Journalism is a weird hybrid, inbred creature. A journalist does not involve themselves in the story. A journalist is merely a tool to help tell the story. I loved being able to chase a story down and then getting that last minute twist that threw everything you thought you knew out the window.

See, here’s the rules; the journalist is unbiased. No matter your own personal beliefs, you tell the story as it comes to you. That’s it. You don’t get an opinion. The story is the telling of facts. You don’t omit or twist facts to get the story you want. A journalist works for their readers. Not the paper or station, not the editor or owner. The audience. A slant is allowed but if the slant breaks the rules, it’s out. You have the option of not telling a story.

That’s how it used to work. Now, the audience new they weren’t getting the whole story sometimes or there were some stories that were buried but the media was trusted to tell the truth. However, in the last couple of decades or so something bizarre has happened in the world of media.

It used to be that the media was owned by various people. In my own city of Edmonton, Alberta, the people that owned The Edmonton Journal were different from those who owned The Edmonton Sun. Now both are owned by Postmedia. These are the same people that own The Calgary Herald, The Calgary Sun and The Daily Herald-Tribune in Grande Prairie. One media company owns all the major daily newspapers (or dailies) in Alberta.

Why is this frightening?

Traditionally the media has been a watchdog of politicians. Watergate never would have been uncovered if it hadn’t been for Bob Woodward and Carl Bernstein of The Washington Post. However, lately things have changed and it all has to do with who owns what.

When the media was in the hands of smaller companies, they competed with each other to get the story out. That was journalism. They also competed to ensure they were more trustworthy than the other. Now that the media is owned by a few large corporations there is no drive to keep them trustworthy.

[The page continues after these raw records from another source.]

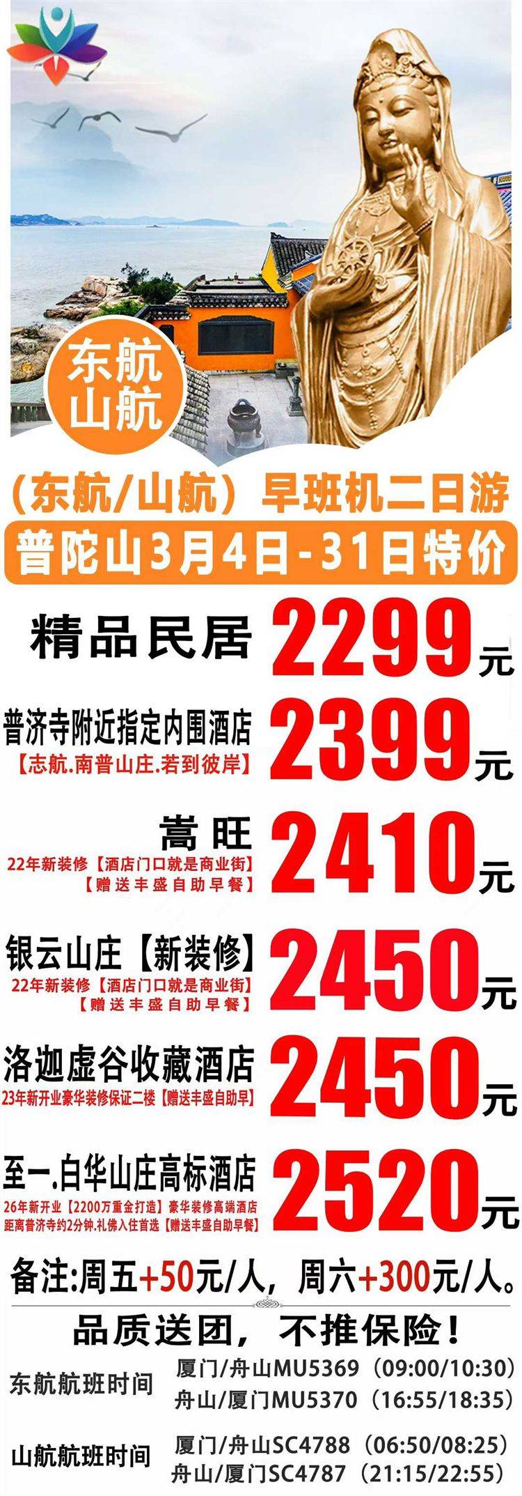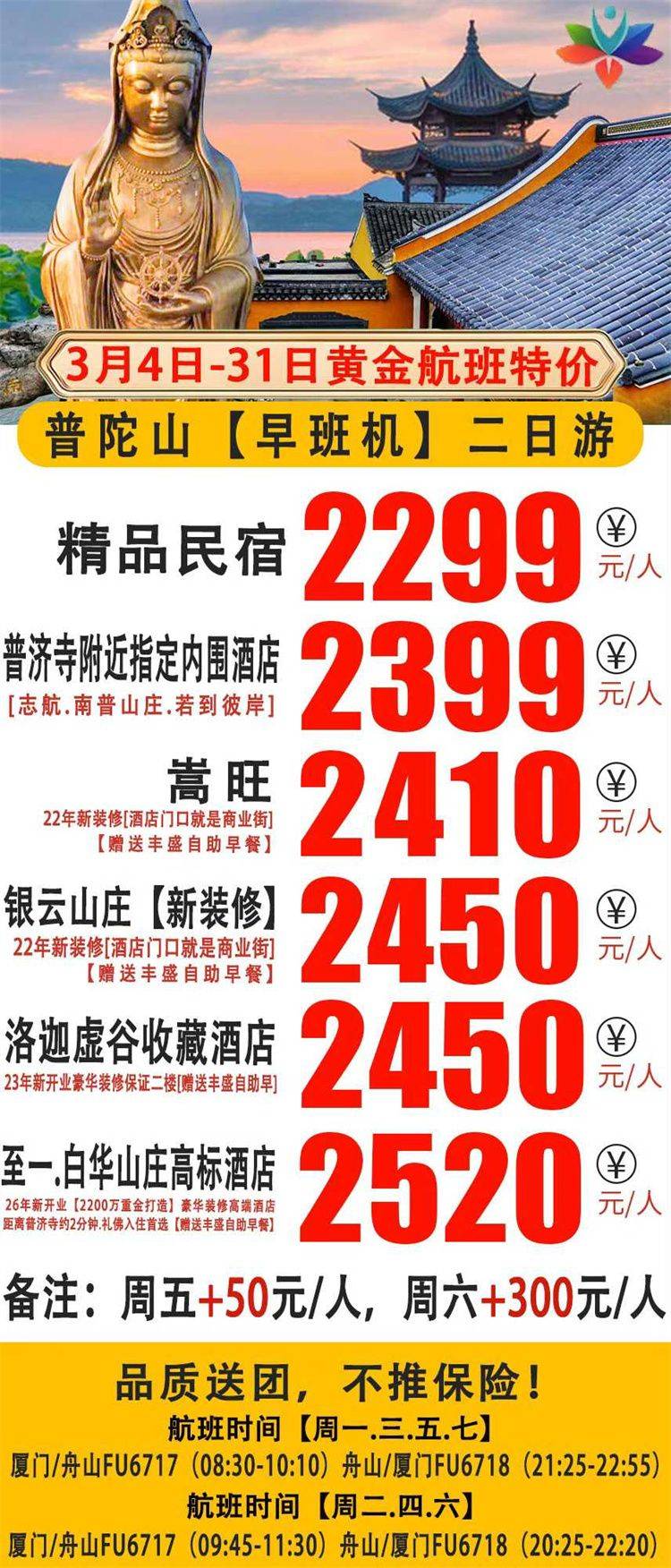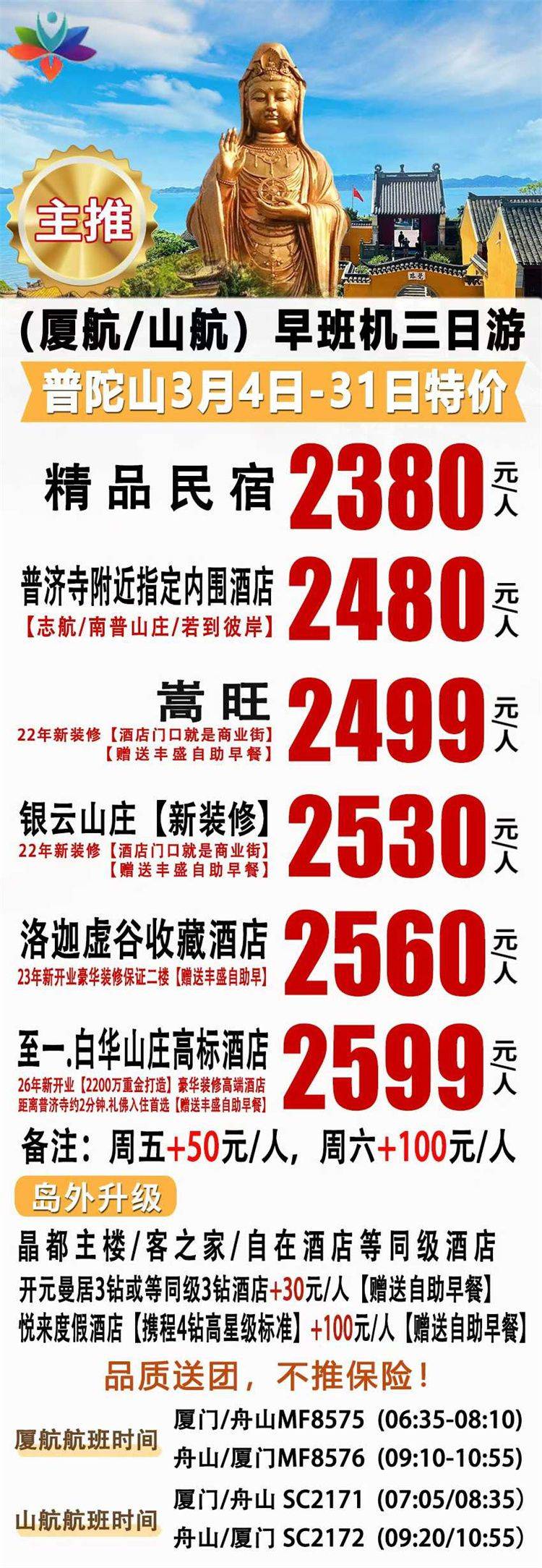 跟团游厦门国旅普陀山拜拜团【普陀山2-3日】厦航早晚班山航东航动车
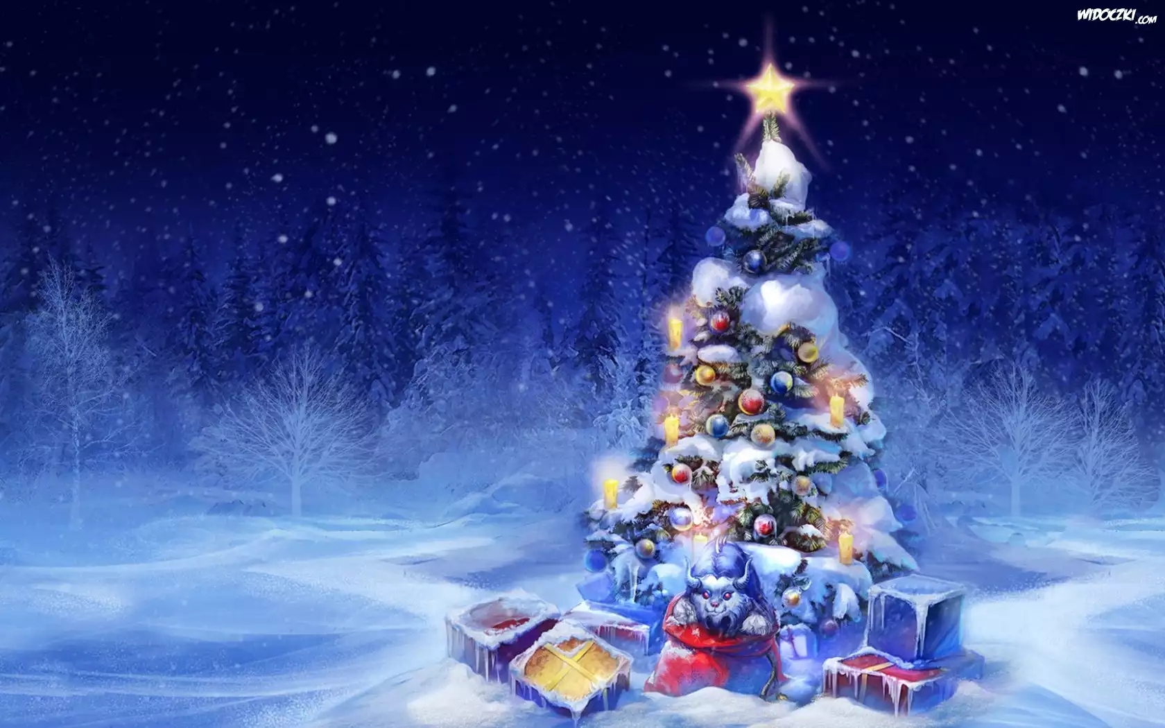 Choinka, Święta, Prezenty, Zima, Las
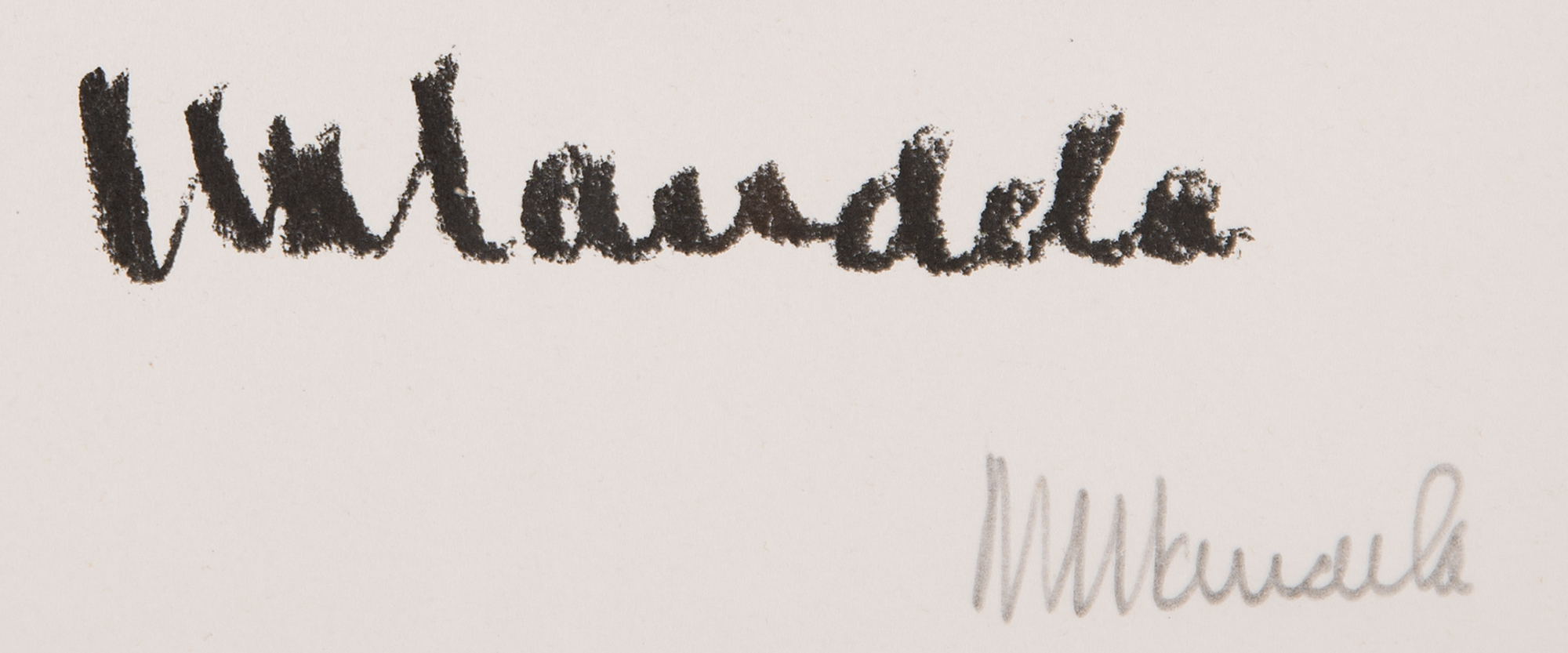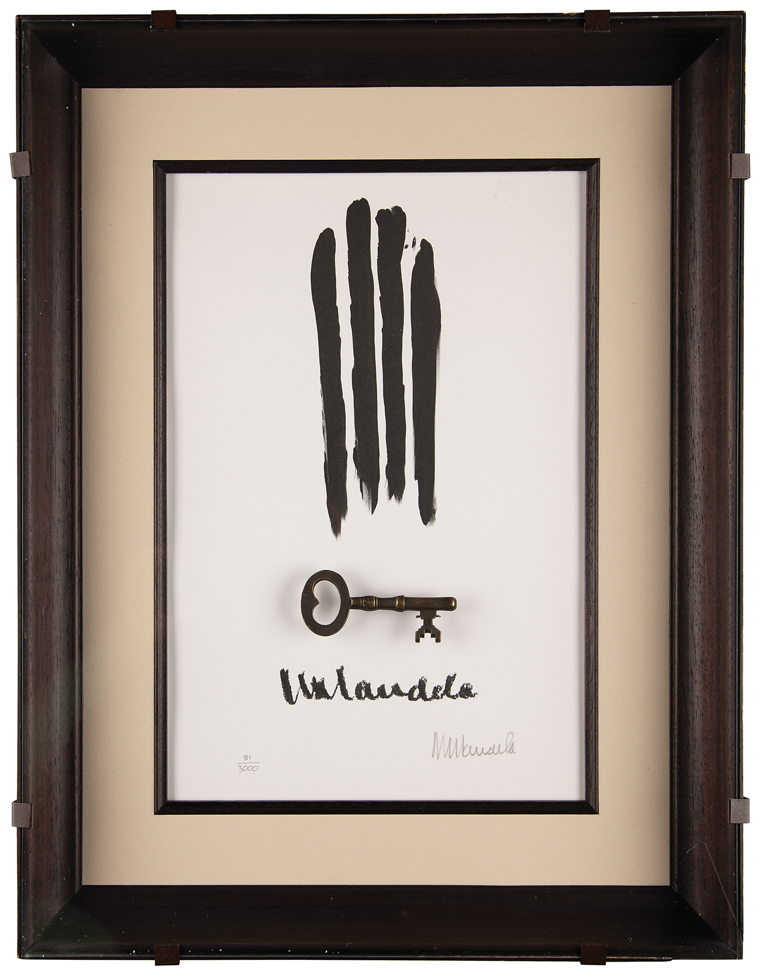 Highly sought limited edition 10.5 x 16 lithograph by Nelson Mandela entitled ‘Key & Bars,’ which depicts four dark vertical lines representing the bars of his prison cell at Robben Island above a cast replica of a cell key, both the key and the lithograph are numbered 81/3000, with the latter signed neatly in pencil, “N. Mandela,” below a larger black paint facsimile. The lower left corner bears Mandela’s official embossed ‘clasped hands’ blindstamp. Handsomely matted in a shadowbox frame to an overall size of 17.5 x 23 x 2.5. In fine condition. A simple yet powerful work that symbolizes Mandela’s 27 years of incarceration—a desirable low-number example of this coveted edition and the first to be made available to the public; the first five lithographs were presented to members of the Mandela family.

A large corporation with a large wallet doesn’t really care about a few small lawsuits. The media is no longer driven by the public’s need to know. Now it’s being driven by a corporation’s need to get information out. More specifically, get the right information out.

Back in May of 2015, The Edmonton Journal acknowledged that Postmedia told them to write a story endorsing Jim Prentice’s bid for Premier of Alberta. Not only did they tell the Journal to do this but they also told The Edmonton Sun, The Calgary Herald and The Calgary Sun to do the same thing.

Are you scared yet?

Now Alberta elected Premier Rachel Notley and we’re now seeing her being vilified in major media. There’s some seepage happening, too. She’s also being demonized in major social media as well. Social media that media outlets are quick to use. Truth be told, Notley could save orphans from a burning building and they’d nail her to a tree saying she didn’t prevent the fire.

And this is happening throughout the western world.

We learned that fake news was happening online and that major media was picking up on those stories. It’s part of how Donald Trump got elected. The same thing is happening here in Canada. Look at the mess that is Doug Ford and if you think he’s content with Ontario, think again.

This isn’t ending. It’s just beginning. I’m not one to cry wolf but I see a furry dog-like creature heading our way and its hungry.